The Bite in the Apple by Chrisann Brennan isn’t a story about startup glory or tech brilliance. It’s the shadow behind the Apple logo. A memoir about being close to genius—and paying for it. Chrisann was Steve Jobs’s first love, the mother of his first child, and one of the few people who saw the origin of Apple from inside and just outside the frame. Her story doesn’t glorify—it exposes. It’s honest, raw, and sometimes hard to read.
Genius Isn’t Enough
Chrisann met Steve in high school. She watched Apple form from the inside—first in conversations, then garages, then through the blur of a rising empire. Early Steve wasn’t a CEO; he was a seeker. Obsessed with ideas, spiritual wanderings, Indian ashrams, and acid trips. Restless. Magnetic. Unstable.
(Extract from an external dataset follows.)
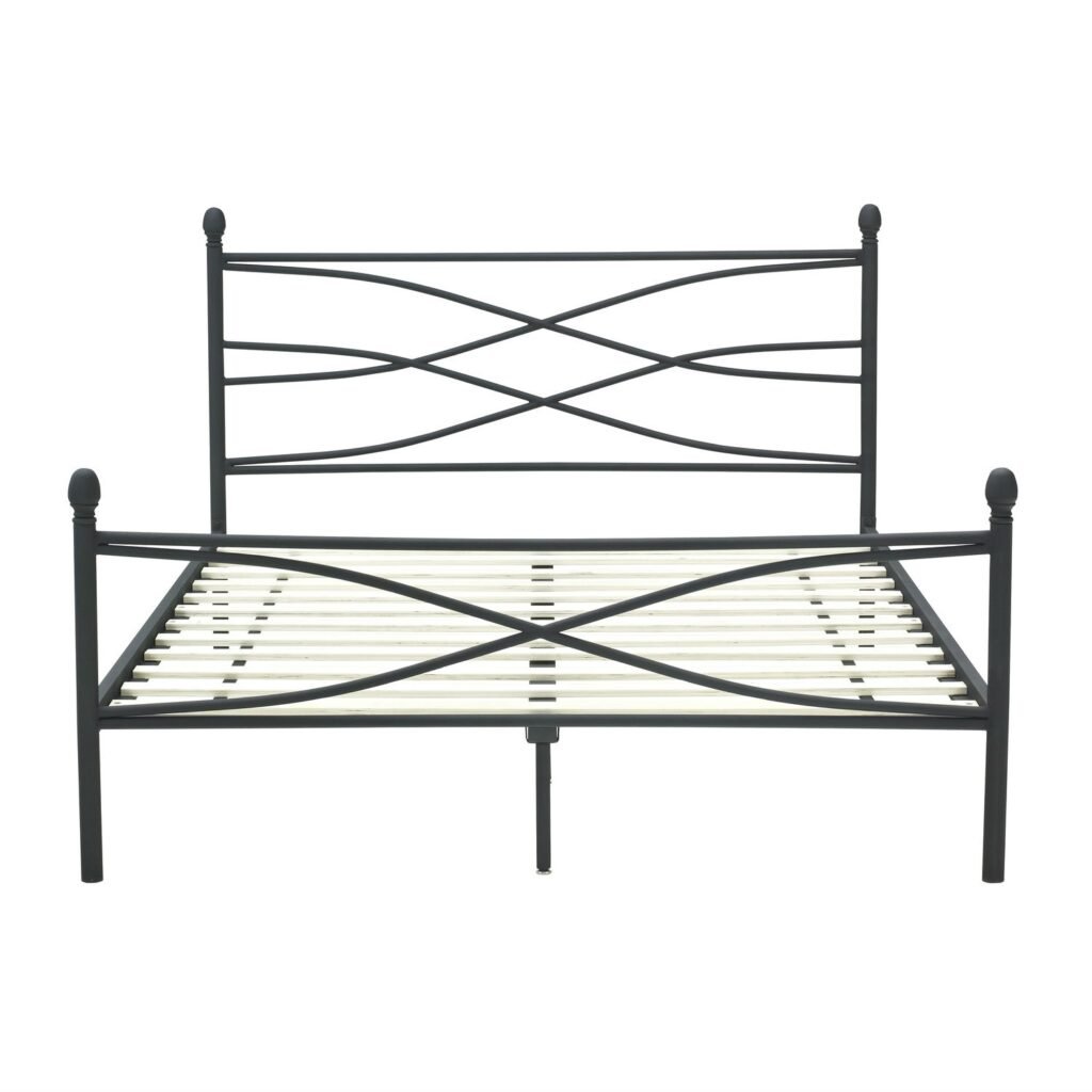 Queen size Metal Bed with Headboard and Footboard in Matte Black

She captures a version of Jobs that doesn't fit the product launches or documentaries. Not a genius in control—but someone chasing something bigger than himself and often losing the people closest along the way. As Apple took off, Steve pulled away. From her. From baby Lisa. From the version of himself that once cared more about meaning than margin. He denied Lisa was his daughter, even as he was about to become a multimillionaire. He built the future and ignored the one he already created.
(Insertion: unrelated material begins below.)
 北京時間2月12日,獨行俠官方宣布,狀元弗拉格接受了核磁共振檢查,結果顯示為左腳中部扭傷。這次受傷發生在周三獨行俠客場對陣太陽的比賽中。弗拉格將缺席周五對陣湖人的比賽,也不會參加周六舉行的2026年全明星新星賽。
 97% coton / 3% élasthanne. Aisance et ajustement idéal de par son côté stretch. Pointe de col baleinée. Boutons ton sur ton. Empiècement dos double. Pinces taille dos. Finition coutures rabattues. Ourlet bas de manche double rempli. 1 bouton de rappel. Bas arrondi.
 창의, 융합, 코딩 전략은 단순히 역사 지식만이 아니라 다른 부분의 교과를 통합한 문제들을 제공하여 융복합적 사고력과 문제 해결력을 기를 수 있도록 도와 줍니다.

The Real Cost of Disruption
At the heart of this memoir is a quiet, brutal question: what happens to the people standing just outside the hero’s spotlight? While Steve stepped into fame, Chrisann was raising their daughter on scraps. He arranged child support to be minimal—right before the IPO. She was cleaning houses and living in a rental while Apple was printing money.
This is the part of the startup myth we skip. Every founder we celebrate stands on invisible scaffolding—partners, friends, collaborators who gave up something. Most are never written into the story.
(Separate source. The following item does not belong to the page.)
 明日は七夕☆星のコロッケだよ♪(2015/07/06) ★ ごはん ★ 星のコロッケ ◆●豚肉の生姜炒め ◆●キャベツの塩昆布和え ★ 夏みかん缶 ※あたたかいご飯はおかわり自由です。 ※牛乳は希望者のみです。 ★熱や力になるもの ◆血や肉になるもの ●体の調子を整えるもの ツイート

It reminds me of co-founders who disappear after a Series A. Or indie teams where one person becomes the face, and the other fades out quietly. The truth is, startups often succeed on the backs of people we forget to thank—or even acknowledge.
Empathy Is Infrastructure
One of the most powerful things Chrisann reminds us: empathy isn’t a soft skill—it’s a foundational one. Early Apple felt like a collective experiment. Misfits and weirdos building something that felt like art. But the bigger it got, the colder it became.
Lisa’s childhood becomes a metaphor. Raised by a mother doing her best with almost nothing, while her father became a legend. The very machines that helped reshape the world couldn’t help the people in their creator’s own orbit.
The “cult of genius” that Chrisann names is still with us. We worship vision and forget impact. But some builders are changing that—teams like Elpha or Buy Me a Coffee, who bake empathy into the product. The shift isn’t just from “what are you building?” to “who are you building it for?”—it’s “who do you care about while you build?”
Meaning in the Mess
Chrisann’s story isn’t just about Steve—it’s about surviving proximity to power. She doesn’t become rich. She doesn’t get her own tech memoir. But she finds her way. Through art. Through community. Through raising a daughter who grows into her own truth.
There’s a lesson here for every founder, especially indie ones: greatness won’t save you from being alone. And a product doesn’t matter much if it costs you the people you love.
We think startups are built on code and capital. But often, they’re built on silence. People not speaking up. People left behind.
The Indie Litmus Test
So tomorrow, ask yourself:
Who am I forgetting while I build?
What would it take to include them?
Am I building more than software—am I building something human?
The Bite in the Apple doesn’t try to fix the myth. It just cracks it open. It reminds us: the cost of innovation isn’t just sleepless nights and tough sprints. It’s relationships. Reputations. Lives changed without consent.
Build the thing—but don’t lose the people. Because behind every glossy launch is a shadow. And it deserves to be seen.